== Dataset excerpts
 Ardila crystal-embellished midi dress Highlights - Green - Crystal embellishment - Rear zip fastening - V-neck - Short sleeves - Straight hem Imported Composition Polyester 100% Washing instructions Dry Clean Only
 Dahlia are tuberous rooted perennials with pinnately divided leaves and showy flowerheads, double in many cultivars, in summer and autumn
====
== Dataset excerpts
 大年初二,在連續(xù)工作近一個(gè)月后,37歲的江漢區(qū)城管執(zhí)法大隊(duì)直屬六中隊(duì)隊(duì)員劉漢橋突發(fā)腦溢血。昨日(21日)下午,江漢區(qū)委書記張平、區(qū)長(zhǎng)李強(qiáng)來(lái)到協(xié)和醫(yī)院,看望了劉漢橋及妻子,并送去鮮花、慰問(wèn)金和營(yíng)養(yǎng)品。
====
== Dataset excerpts
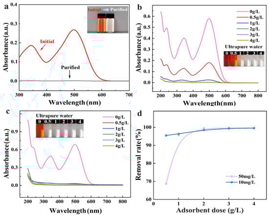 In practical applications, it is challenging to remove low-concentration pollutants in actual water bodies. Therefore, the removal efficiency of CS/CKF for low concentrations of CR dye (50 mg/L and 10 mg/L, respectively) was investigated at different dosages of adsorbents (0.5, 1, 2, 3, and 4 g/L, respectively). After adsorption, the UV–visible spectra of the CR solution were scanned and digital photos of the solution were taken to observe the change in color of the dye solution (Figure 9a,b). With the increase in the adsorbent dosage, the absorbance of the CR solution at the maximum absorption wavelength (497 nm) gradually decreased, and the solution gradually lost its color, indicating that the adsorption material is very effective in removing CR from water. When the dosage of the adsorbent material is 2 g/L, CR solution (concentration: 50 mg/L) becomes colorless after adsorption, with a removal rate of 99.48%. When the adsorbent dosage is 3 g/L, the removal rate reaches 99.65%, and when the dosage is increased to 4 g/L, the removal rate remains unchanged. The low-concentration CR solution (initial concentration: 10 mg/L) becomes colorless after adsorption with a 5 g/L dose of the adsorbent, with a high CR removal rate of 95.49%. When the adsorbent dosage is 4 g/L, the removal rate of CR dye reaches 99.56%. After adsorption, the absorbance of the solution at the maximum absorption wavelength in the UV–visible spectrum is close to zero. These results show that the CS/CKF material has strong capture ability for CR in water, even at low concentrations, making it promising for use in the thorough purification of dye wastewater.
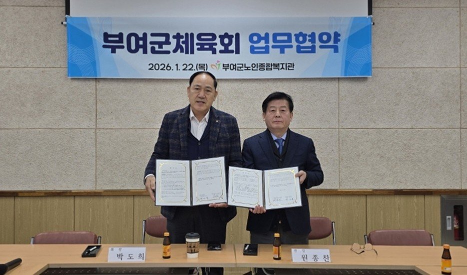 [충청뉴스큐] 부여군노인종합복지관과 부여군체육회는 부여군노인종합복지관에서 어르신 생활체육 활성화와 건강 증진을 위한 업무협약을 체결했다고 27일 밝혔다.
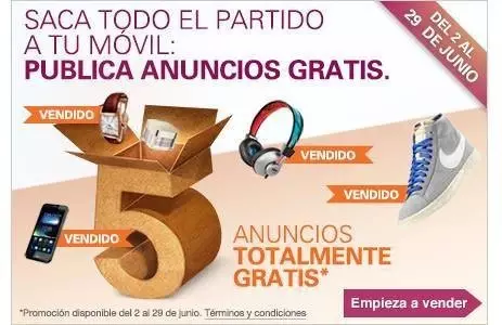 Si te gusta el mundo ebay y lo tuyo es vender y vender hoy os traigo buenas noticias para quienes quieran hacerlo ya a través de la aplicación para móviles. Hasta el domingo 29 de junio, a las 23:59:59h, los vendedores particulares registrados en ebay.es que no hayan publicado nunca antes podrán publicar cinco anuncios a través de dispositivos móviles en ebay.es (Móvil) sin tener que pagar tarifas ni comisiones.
====
§ Directions
The stretch of entries above that starts with the line containing "Ardila crystal-embellished midi" and goes on through the line containing "Dahlia are tuberous" is to be transcribed exactly, and no other line is to be transcribed.

§ Solution to this problem
 Ardila crystal-embellished midi dress Highlights - Green - Crystal embellishment - Rear zip fastening - V-neck - Short sleeves - Straight hem Imported Composition Polyester 100% Washing instructions Dry Clean Only
 Dahlia are tuberous rooted perennials with pinnately divided leaves and showy flowerheads, double in many cultivars, in summer and autumn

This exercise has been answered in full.